INSTRUCTIONS TO FOLLOW: Copy out precisely the lines of the material that follows, beginning with the line containing "Anuncia tu gran" and ending with its last line; exclude pictures.

SOURCE MATERIAL:

____

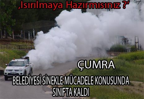 Bu yıl havaların ısınmasıyla birlikte yoğun bir şekilde sivrisinek istilasına uğrayan Çumra, Belediye başkanı Mehmet Oğuz'dan şikayetçi olduklarını belirterek, caddelerin, sokakların ilaçlanmadığı veya tesiri az olan ilaçlamalarla geçiştirildiğini öne sürüldü.
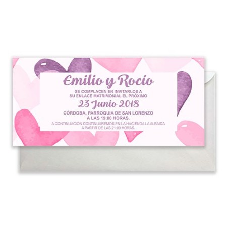 Anuncia tu gran día con una invitación de boda sofisticada y delicada, diseñada en hermosos tonos morados y lila, con detalles de corazones que simbolizan el amor y la unión.
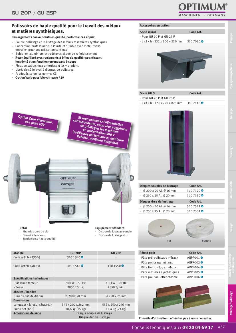 Spécification: Combiné touret meule / bande Optimum GU 25S

____

TASK RESPONSE:
 Anuncia tu gran día con una invitación de boda sofisticada y delicada, diseñada en hermosos tonos morados y lila, con detalles de corazones que simbolizan el amor y la unión.
 Spécification: Combiné touret meule / bande Optimum GU 25S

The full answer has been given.